_Description of the task_
Your output should be the lines below from the one holding "포드 MKZ 등 4개" through the one holding "毎日使うものだから、気分を上", transcribed exactly, with no pictures.

_Material for this task_

____

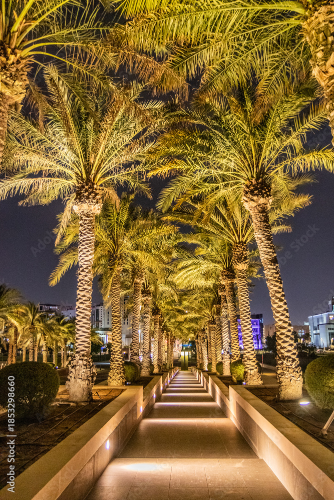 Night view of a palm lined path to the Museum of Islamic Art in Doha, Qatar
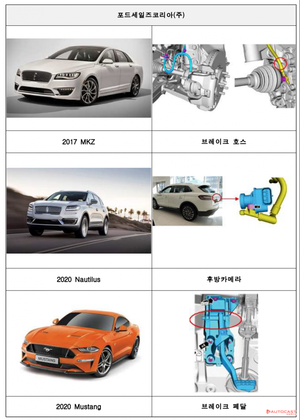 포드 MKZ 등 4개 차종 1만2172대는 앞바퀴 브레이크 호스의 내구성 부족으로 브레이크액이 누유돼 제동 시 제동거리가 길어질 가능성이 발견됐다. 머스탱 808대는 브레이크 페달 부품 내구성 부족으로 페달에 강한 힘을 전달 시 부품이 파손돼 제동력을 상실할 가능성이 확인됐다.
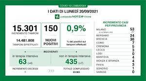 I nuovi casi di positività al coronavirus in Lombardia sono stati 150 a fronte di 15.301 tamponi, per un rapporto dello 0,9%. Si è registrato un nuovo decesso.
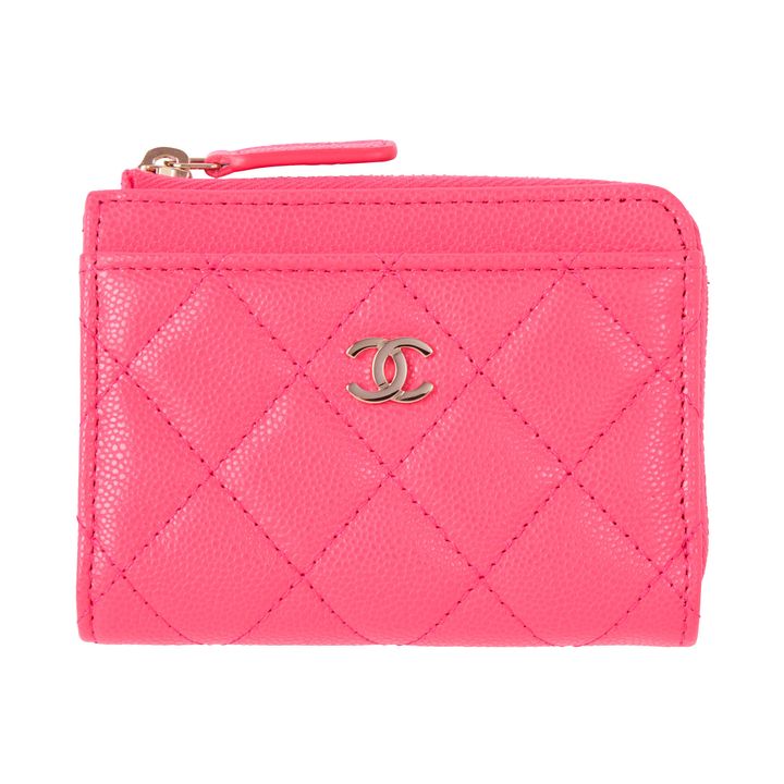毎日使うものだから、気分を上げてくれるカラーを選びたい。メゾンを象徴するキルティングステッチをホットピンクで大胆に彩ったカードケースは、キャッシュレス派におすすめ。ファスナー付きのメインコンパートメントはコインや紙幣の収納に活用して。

____

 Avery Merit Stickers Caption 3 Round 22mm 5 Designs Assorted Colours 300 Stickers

____

_Answer for the task_
 포드 MKZ 등 4개 차종 1만2172대는 앞바퀴 브레이크 호스의 내구성 부족으로 브레이크액이 누유돼 제동 시 제동거리가 길어질 가능성이 발견됐다. 머스탱 808대는 브레이크 페달 부품 내구성 부족으로 페달에 강한 힘을 전달 시 부품이 파손돼 제동력을 상실할 가능성이 확인됐다.
 I nuovi casi di positività al coronavirus in Lombardia sono stati 150 a fronte di 15.301 tamponi, per un rapporto dello 0,9%. Si è registrato un nuovo decesso.
毎日使うものだから、気分を上げてくれるカラーを選びたい。メゾンを象徴するキルティングステッチをホットピンクで大胆に彩ったカードケースは、キャッシュレス派におすすめ。ファスナー付きのメインコンパートメントはコインや紙幣の収納に活用して。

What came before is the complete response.